Mark Wagner: My name is Mark Wagner. I'm in my 10th year here at Red Hat. My degree, from when I started many years ago, was hardware. I switched to software. I got the bug to do performance work when I saw the performance improvements I could make in software, in how things ran.
Here at Red Hat, I've worked on everything from the kernel up through OpenShift and OpenStack at all the layers. My most recent assignment is in the blockchain area.
Gordon: A lot of people probably associate blockchain with Bitcoin. What is blockchain, really?
Mark: Blockchain itself is a technology where things are distributed. I like to think of it more as a distributed database at a really high level. Bitcoin is a particular implementation of it, but in general, blockchain ‑‑ and there's also a thing called distributed ledgers ‑‑ they're fairly similar in concept, but the blockchain itself is more for straight financial things like Bitcoin.
Distributed ledgers are coming up a lot more in their uses across many different vertical markets, such as healthcare, asset tracking, IoT, and of course the financial markets, commodity trading, things like that.
Gordon: As we've really seen over the last, I don't know, year or two years, there's still a lot of shaking out going on in terms of exactly what the use case is here, which of course makes the job for people like you harder when you don't know what the ultimate objectives necessarily are.
Mark: Yes. It's shaking out in terms of both new verticals are being added, as well as there's multiple implementations going on right now, in a sense competing, but they're designed at different verticals in many cases, so that, in a true sense, not really competing, per se.
Gordon: Now you're working in Hyperledger. Introduce Hyperledger.
Mark: Hyperledger is a project in the Linux Foundation to bring open source distributed ledgers out into the world. I've been involved in it since December of 2016. Red Hat's been a member for two years.
One of the things in Hyperledger, there are multiple projects within Hyperledger. The two main ones that people know are Fabric from IBM, Sawtooth from Intel. There's a bunch of smaller projects as well to complement these technologies.
Both Fabric and Sawtooth are distributed ledger implementations with different consensus models and things like that, and getting to the point where they can do pluggable consensus models.
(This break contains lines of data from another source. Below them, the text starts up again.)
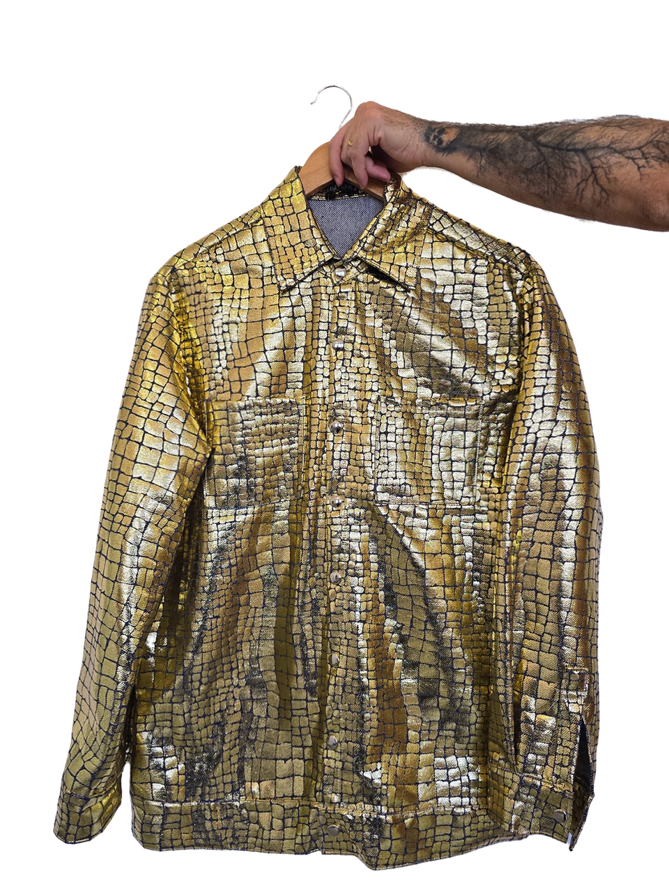 Feita para quem gosta de brilhar e não passar despercebido! Com estampa que imita textura de crocodilo e acabamento metalizado, essa peça é puro destaque. Possui gola clássica, fechamento por botões e caimento confortável que equilibra estilo e atitude.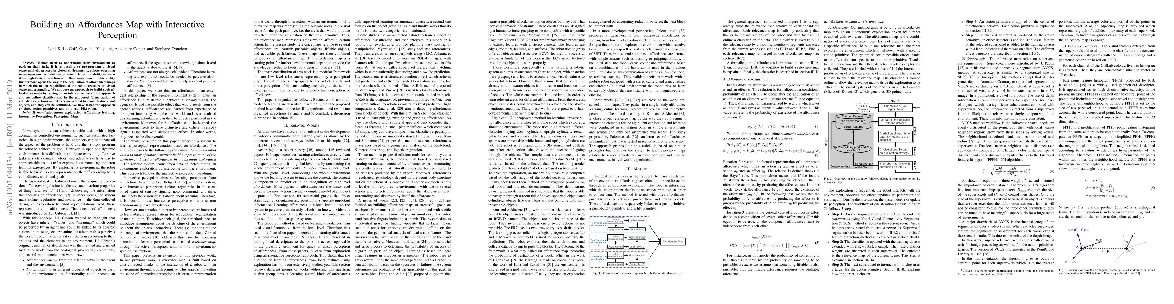 This paper proposes an interactive perception method to build affordances maps for robots, enabling them to learn and understand their open environment through interaction. The approach relates actions and effects to visual features rather than objects, tested on a PR2 robot with three action primitives.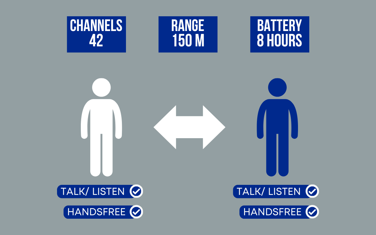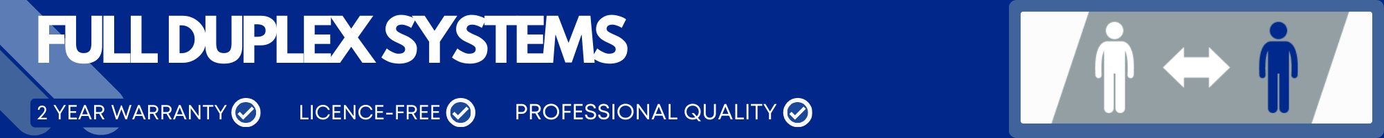 A full duplex tour guide system allows for continuous two-way communication between two people. Each has a transmitter device with an earphone microphone connected which is used talk and listen. There is no push-to-talk button to activate speech making this system ideal for many applications which require handsfree communication. These high-quality devices have a range of 100 metres and can be used for up to 8 hours. They run on standard or rechargeable AA batteries.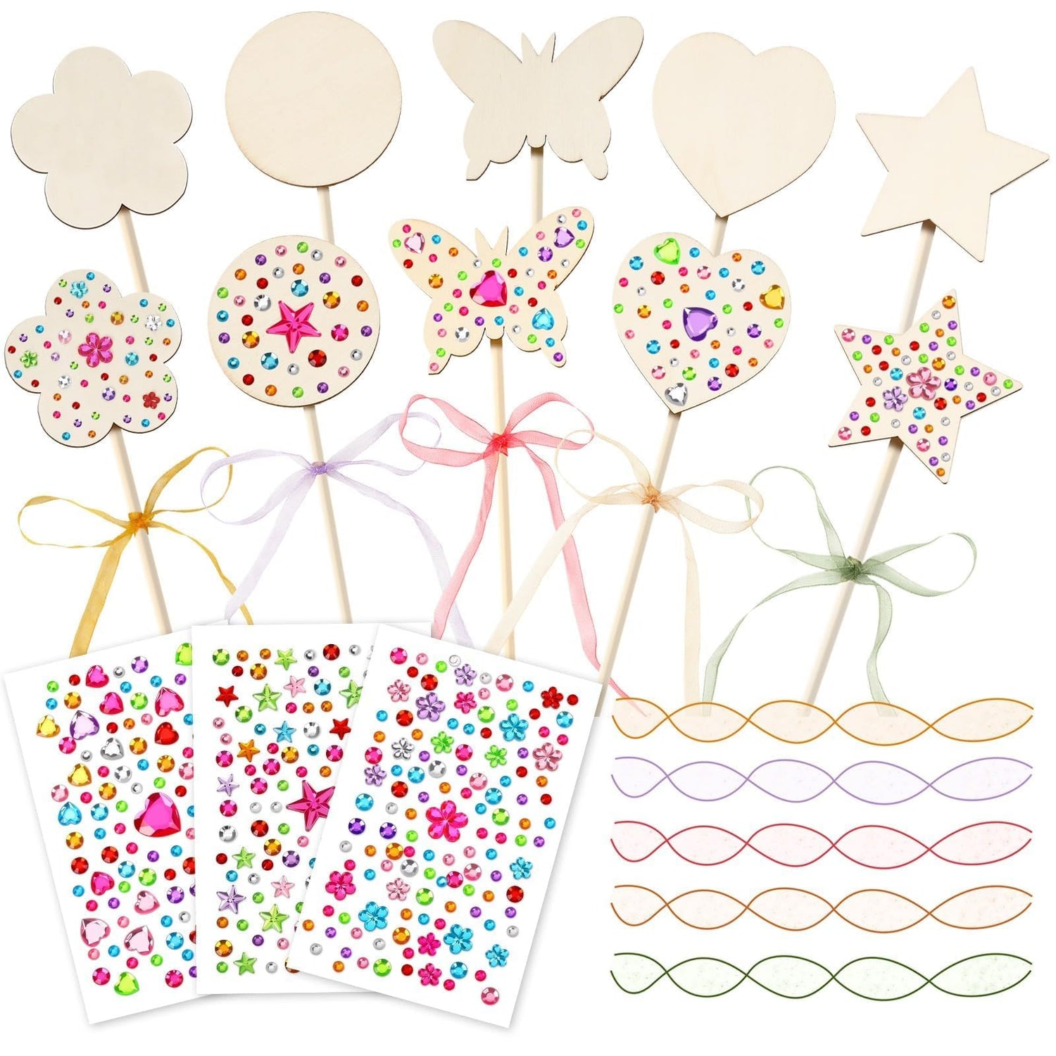 - Package Includes: You will receive 20 blank DIY magic wand in 5 different styles: heart, butterfly, star, round and flowe, with 4 magic wand for each style. 3 sheets gem stickers with different styles and colors and 20 colored ribbons, a total of 43 pieces. Various styles, sufficient quantity to meet your needs of various activities, and create your unique princess fairy wands
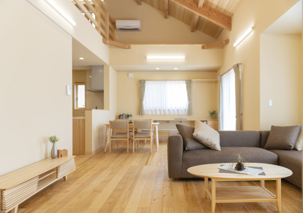 解放感のあるリビング・ダイニング。エアコン1台で快適に過ごせます。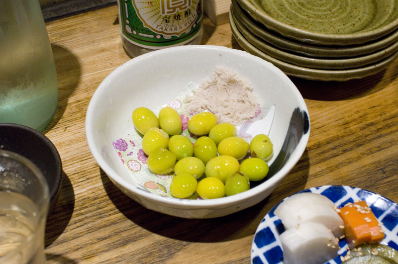 The grilled sausage and the sashimi of the day are also top-notch, as are vegetable side dishes like fried ginkgo nuts with Himalayan salt, fried corn, and renkon-kimpira (spicy lotus-root salad). The sake list is short but effective, centered on five varieties of the excellent Mutsu Hassen from Aomori. Other drink options include shochu, Hoppy, and a very budget-friendly wine list.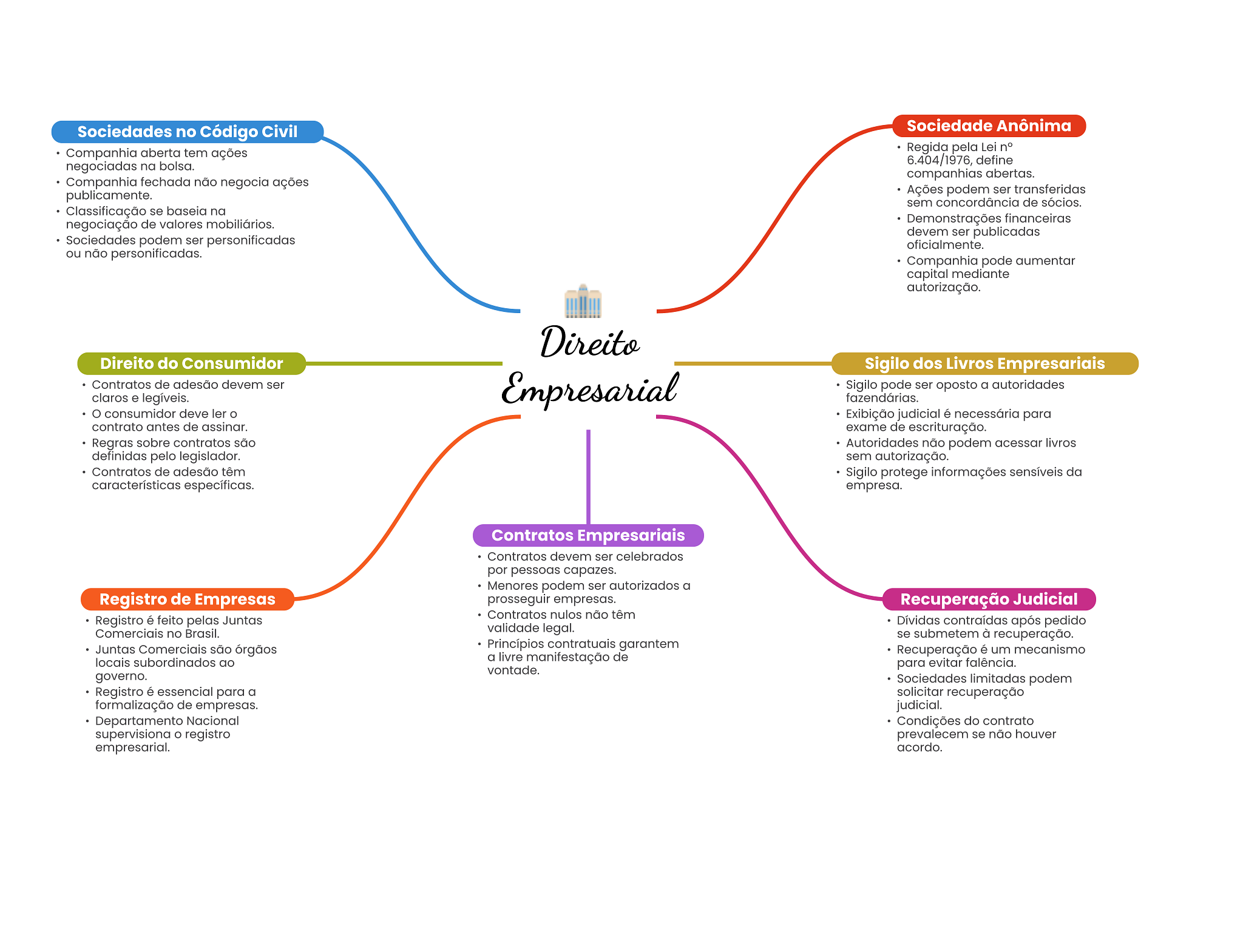 Sociedades no Código Civil Sociedade Anônima Companhia aberta tem ações Regida pela Lei n° negociadas na bolsa. 6.404/1976, define companhias abertas. Companhia fechada não negocia ações publicamente. Ações podem ser transferidas sem concordância de sócios. Classificação se baseia na negociação de valores mobiliários. Demonstrações financeiras devem ser publicadas Sociedades podem ser personificadas oficialmente. ou não personificadas. Companhia pode aumentar capital mediante autorização. Direito Direito do Consumidor Sigilo dos Livros Empresariais Contratos de adesão devem ser Empresarial Sigilo pode ser oposto a autoridades claros e legíveis. fazendárias. consumidor deve ler Exibição judicial é necessária para contrato antes de assinar. exame de escrituração. Regras sobre contratos são Autoridades não podem acessar livros definidas pelo legislador. sem autorização. Contratos de adesão têm Sigilo protege informações sensíveis da características específicas. empresa. Contratos Empresariais Contratos devem ser celebrados por pessoas capazes. Menores podem ser autorizados a Registro de Empresas prosseguir empresas. Recuperação Judicial Registro é feito pelas Juntas Contratos nulos não têm Dívidas contraídas após pedido Comerciais no Brasil. validade legal. se submetem à recuperação. Juntas Comerciais são órgãos Princípios contratuais garantem locais subordinados ao a livre manifestação de Recuperação é um mecanismo para evitar falência. vontade. governo. Sociedades limitadas podem Registro é essencial para a solicitar recuperação formalização de empresas. judicial. Departamento Nacional Condições do contrato supervisiona registro prevalecem se não houver empresarial. acordo.

One of the things that no one was doing at Hyperledger, and where I felt I could help across all the projects, is performance and scalability. People see out in the world that the Bitcoin and Ethereum stuff is not scaling. When it hits scale issues, things go poorly.
I proposed in April that we have a Performance and Scale Working Group to go off, investigate this, and come up with some tests and ways to measure. It passed unanimously, but the scope was actually expanded from what I proposed, and they don't want it to just focus on Hyperledger but to focus industry‑wide.
Since that time, I've been in touch with the Enterprise Ethereum Association, with the person leading their performance and scale work. In principle, we've agreed to work together.
Gordon: I'm interested in some of the specific things that you've found in this performance and scale work. Maybe before we go into detail there, at a high level, where do you see the scalability and performance challenges with blockchain and distributed ledgers?
It's obviously early days. You've done performance work with the Linux kernel, which is about tweaking for very small increments of performance, where distributed ledgers are obviously in a very different place today.
Mark: The design of the original Bitcoin, and those technologies, is what was called proof of work. They gave you a large cryptographic hash you needed to go solve in order to prove that you actually did the work.
There were consensus algorithms based on that, and who got first and who got to build the chain and add to the chain. It quickly became people started using GPU offload or going off and fabricating FPGAs directly to give them an advantage doing this. There's a quick example of performance and scalability.
The other issue is, because it's consensus, everything gets shared. Everyone has to agree on it, or some large percentage has to agree on it. As the network grows, more and more nodes are involved in this, and it becomes a big scalability problem.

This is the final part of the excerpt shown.